The statute is as follows:

"An act to prevent the establishment of ill-shaped counties.

"Section 1. Be it enacted by the General Assembly of the State of South Carolina, that hereafter the General Assembly of this State shall not establish any new county, the greatest length of which shall be more than four times as long as the least central width thereof, or which will leave the county or counties from which the territory is taken of a length more than four times as long as the least central width thereof: Provided, further, The Governor shall not order an election in such an area described.

"Sec. 2. That the term `central width' shall be construed to mean any width of such proposed new county not entirely within eight miles of the ends thereof.

"Sec. 3. That this act shall go into effect immediately upon its approval by the Governor.

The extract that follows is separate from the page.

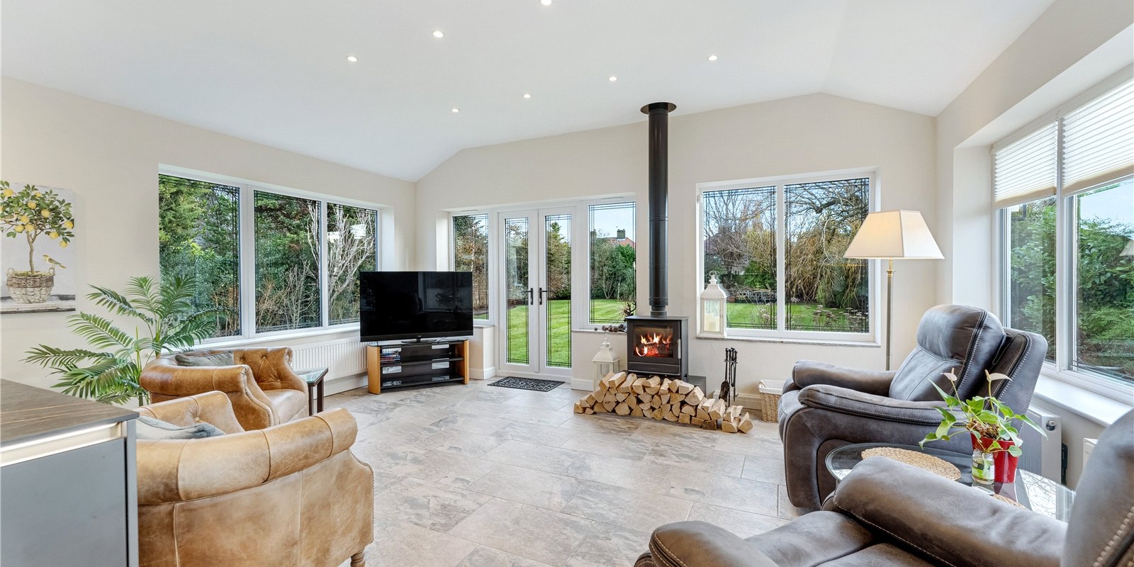 The living space is warm and inviting, centred around a beautiful log burner, creating a cosy yet stylish focal point. The property has been fully rewired throughout and benefits from double glazing, offering peace of mind and comfort. The property further benefits from a separate reception room, offering a wonderful additional living space. This room features a fireplace, creating a cosy and inviting atmosphere, and French doors that open directly onto the garden, allowing natural light to flood in and providing seamless indoor-outdoor living.

"Sec. 4. That all acts or parts of acts inconsistent herewith be, and the same are hereby, repealed." Act February, 1912 (27 St. at Large, p. 841).

The Constitution provides:

"Article VII. Counties and County Government.

"Section 1. Formation of New Counties — County Seatand Name. — The General Assembly may establish new counties in the following manner: Whenever one-third of the qualified electors within the area of each section of an old county proposed to be cut off to form a new county shall petition the Governor for the creation of a new county, setting forth the boundaries and showing compliance with the requirements of this article, the Governor shall order an election, within a reasonable time thereafter, by the qualified electors within the proposed area, in which election they shall *Page 76 vote `Yes' or `No' upon the question of creating said new county; and at the same election the question of a name and a county seat for such county shall be submitted to the electors.

"Sec. 2. Section of Old County to Be Cut Off. — If two-thirds of the qualified electors voting at such election shall vote `Yes' upon such questions, then the General Assembly at the next session shall establish such new county: Provided, No section of the county proposed to be dismembered shall be thus cut off without consent by a two-thirds vote of those voting in such section; and no county shall be formed without complying with all the conditions imposed in this article. An election upon the question of forming the same proposed new county shall not be held oftener than once in four years."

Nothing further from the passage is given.